2 Peter 3:15. And account, that the long-suffering of our Lord is salvation;— They were not to account the long extended patience of God as any sign of an unreasonable delay, or as implying any the least danger of his never coming to judge the world, and make the righteous perfectly happy; but as a proof of his goodness, and as giving men an opportunity to work out through his grace their own salvation. It is a matter of some difficulty to determine to which of the epistles of St. Paul St. Peter refers in the last clause of this verse. Several take him to mean the epistle to the Hebrews; others, the epistle to the Romans. In favour of which last opinion it should be observed, that the epistleto the Romans was written to Gentile Christians, and that it was St.
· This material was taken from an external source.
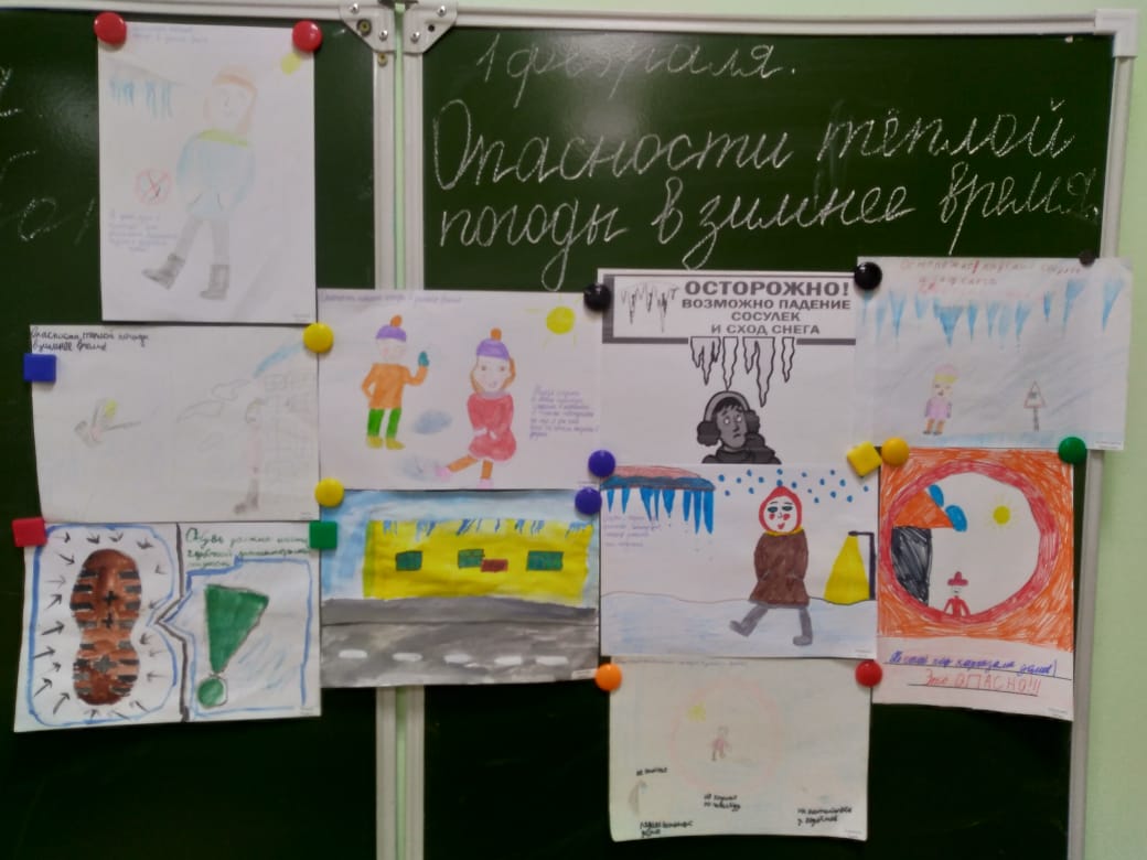 В 4 классе КШИ проведена беседа на актуальную тему: «Опасности тёплой погоды в зимнее время». Вспомнили все правила изученные ранее, старались придумать какие то новые знаки, а потом с удовольствием нарисовали. -

Paul's way to send copies of his letters to other churches besides those to which they were originally directed: (see Colossians 4:16.) And others think, that as St. Peter directed his epistles to the Christians dispersed in Asia Minor, St. Paul's epistles to those in the same country, namely, the Galatians and Ephesians, are referred to.—Doddridge paraphrases the words thus: "The passage to which I refer, is in a letter immediately directed to the Romans; but it may be considered as designed for you, and for the general use of all Christians." I look upon this passage, says he, as a very instructive admonition to all Christians, to consider St. Paul and the other apostles as writing to them, in their epistles, so far as a similarity of circumstances will admit. In which view it is of infinite importance, that we should esteem them as written to us, in like manner as St. Peter tells us even the ancient prophets considered the great subjects of which these epistles treat, as relating to them. 1 Peter 1:10-60.1.12.
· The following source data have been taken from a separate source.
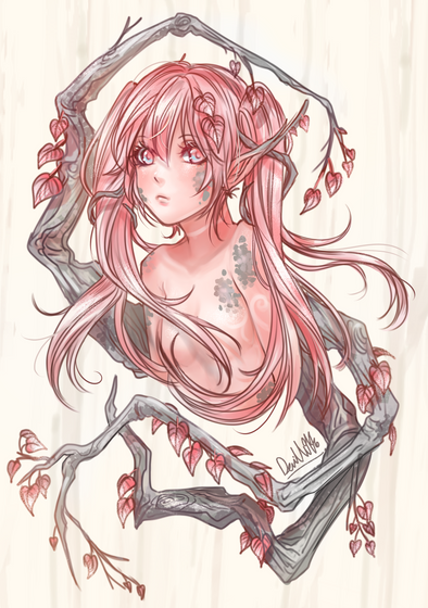 #anime #bust #flowers #horns #oc #pastel #pink #roses #animegirl #animestyle #originalcharacter #treehorns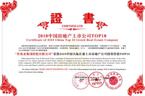 由国务院发展研究中心企业研究所、清华大学房地产研究所和中国指数研究院三家研究机构共同组成的“中国房地产TOP10研究组”,根据中国房地产上市公司年度报告的数据资料,从投资价值、财富创造能力,经营规模和财务稳健四个方面构建评价体系,形成了2010中国房地产上市公司10强研究成果。佳兆业集团凭借自身综合实力荣获2010中国大陆在港上市房地产公司投资价值TOP10。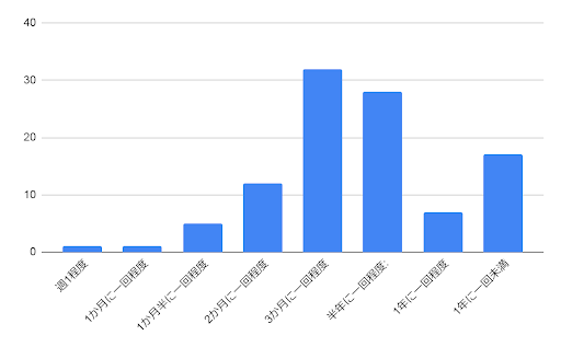 調査の結果、「3ヶ月に一回程度」と回答した方が32名で最も多く、「半年に一回程度」と回答した方が28名と2番目に多いことが分かりました。
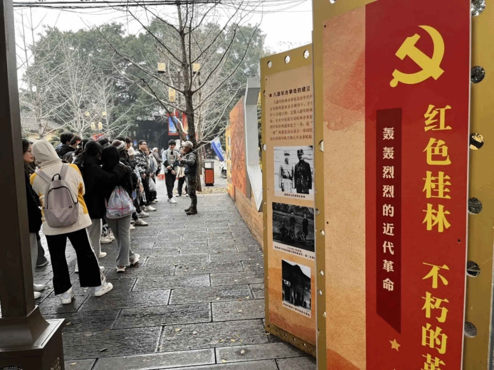 1月13日,老师和同学们到达了八路军桂林办事处纪念馆继续进行红色足迹的探索。在讲解员精彩的讲解下,同学们了解了八路军当时团结各阶层人民抗战;领导、引导桂林抗日文化救亡运动,从而在心中厚植家国情怀。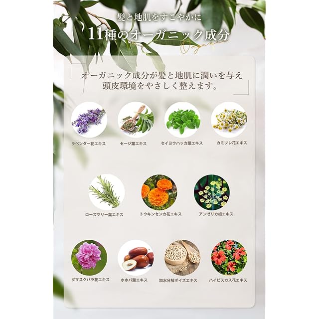 ✅【しっかり】4種類の界面活性剤により頭皮の汚れや皮脂をしっかり洗浄しはもちろん怠りません。11種のオーガニック認証成分でしっかりします。

2 Peter 3:16. In which are some things hard, &c.— "In which epistles of his are some things, &c." And it is most true, that in St. Paul's epistles there are some difficult points, which were greatly abused and perverted even in that age, and which have been perverted by unstable men in almost every age since; such as those of free-grace,—election,—reprobation, &c. This is no reflection at all upon St. Paul or his epistles, or upon his manner of writing: some objects are more difficult than others, and it requires more study and attention to understand them. They maybe expressed with the utmost justness and propriety, and as perspicuously as the nature of the things treated of will bear; and yet, to hasty and inconsiderate readers, they may have things in them hard to be understood. The most judicious writers are often the most profound; but then they will bear a second or third reading; and the more they are studied, the more they are esteemed. This is the glory of St. Paul's epistles, in the estimation of all who have examined them with care and attention in humble dependance on the Divine blessing. The expression, στρεβλουσιν, wrest, or put to the torture, plainly implies, that violence is done by these bad men to some passages of scripture, to make them speak an unnatural sense, which may answer their own purposes: and truly he must know little of the history of theological controversies, who has not observed many deplorable instances of this.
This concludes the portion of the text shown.